Earlier this week, a report revealed that many companies including Facebook and Snapchat are using a loose interpretation of Apple’s App Tracking Transparency (ATT) guidelines to track users across other apps and services even when they have asked not to be tracked. A new report from The Information goes in-depth on the workaround companies are using, with a focus on Snapchat.
Additional details revealed regarding how companies are circumventing App Tracking Transparency
While Apple has instructed developers that they “may not derive data from a device for the purpose of uniquely identifying it,” some developers have interpreted that to mean that they can observe “signals” from an iPhone at a group level allowing them to tailor advertising with certain behaviors but not associated with unique IDs as long as that data is anonymized and aggregated rather than tied to specific user profiles.
As a result, even though nearly 80% of iOS users have opted out of app tracking, app developers are using the “wiggle room” to share data that could be used to identify users later.

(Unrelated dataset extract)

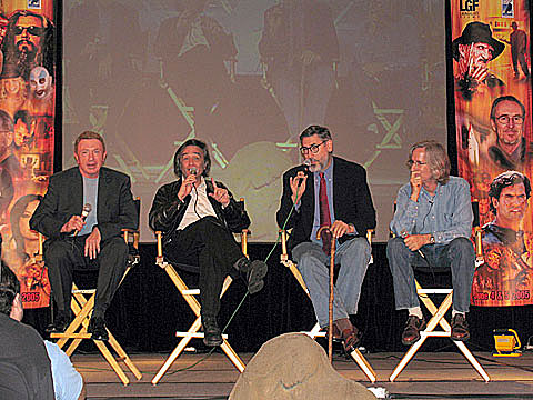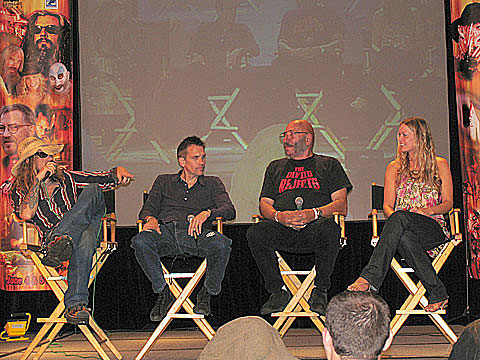(left to right) LARRY COHEN, JOE DANTE, JOHN LANDIS and MICK GARRIS are truly The Masters of Horror, and they were on hand to talk about the incredible new Showtime horror anthology series. Mick also gave a sneak preview of the latest Steven King opus he has adapted, Desperation. (left to right) ROB ZOMBIE, BILL MOSELEY, SID HAIG and SHERI MOON ZOMBIE were huge hits with the crowd, there to talk about Rob's latest monsterpiece The Devil's Rejects, his shocking follow up to House of 1000 Corpses. ROB ZOMBIE is an international superstar, juggling careers in music, as a radio host, film maker and writer. And what a cool guy!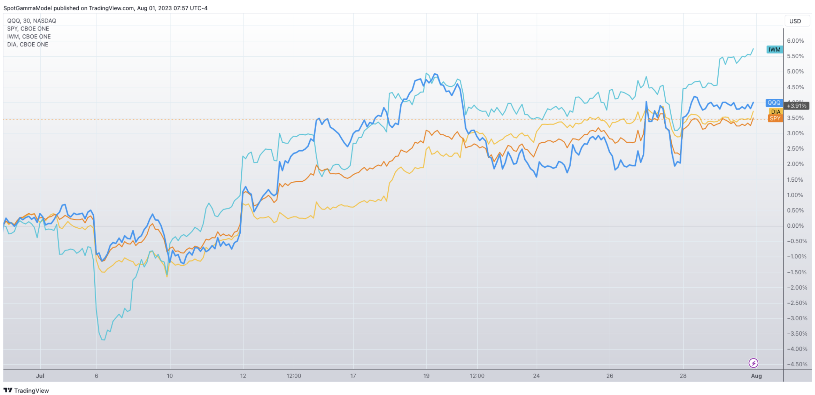 One of the knocks on this years rally was the lack of breadth, and at this point funds are likely fully allocated into their MegaCap Tech/AI positions. In July there was outperformance in IWM, and the DOW/DIA tied a record for consecutive positive sessions (13). Its also interesting to note that both the SPY & QQQ are just 3.5-4% from their all time highs, with the Dow now at its all time high. Focus on the “leaders” seems to be shifting to the “underperformers”.

According to The Information, Snap is using a workaround which it has named “Advanced Conversions” which allows it to receive detailed data from advertising companies about the activities of individual iOS users.
Using that data, Snap is able to measure the effectiveness of ads, even if a user asked the apps sending data to Snap not to track them. It is important to note that the data, which includes who saw an ad and what they did on the app afterward, is encrypted. But, Snap can still analyze that data and offer information to advertisers on the efficacy of its ads.
Snap does not believe it is violating App Tracking Transparency guideless, despite tracking users. Facebook and Google have also reportedly created similar systems to gather data on iOS users. While Facebook did not respond to a request for comment, Google said that it uses data for iOS users who have opted out of cross-app tracking in a way that is compliant with Apple’s rules.
In a statement, a spokesperson for the Cupertino tech giant said that its ATT feature has “received strong support from privacy advocates and regulators.” It added that “a user’s data belongs to them and they should get to decide whether to share their data and with whom.”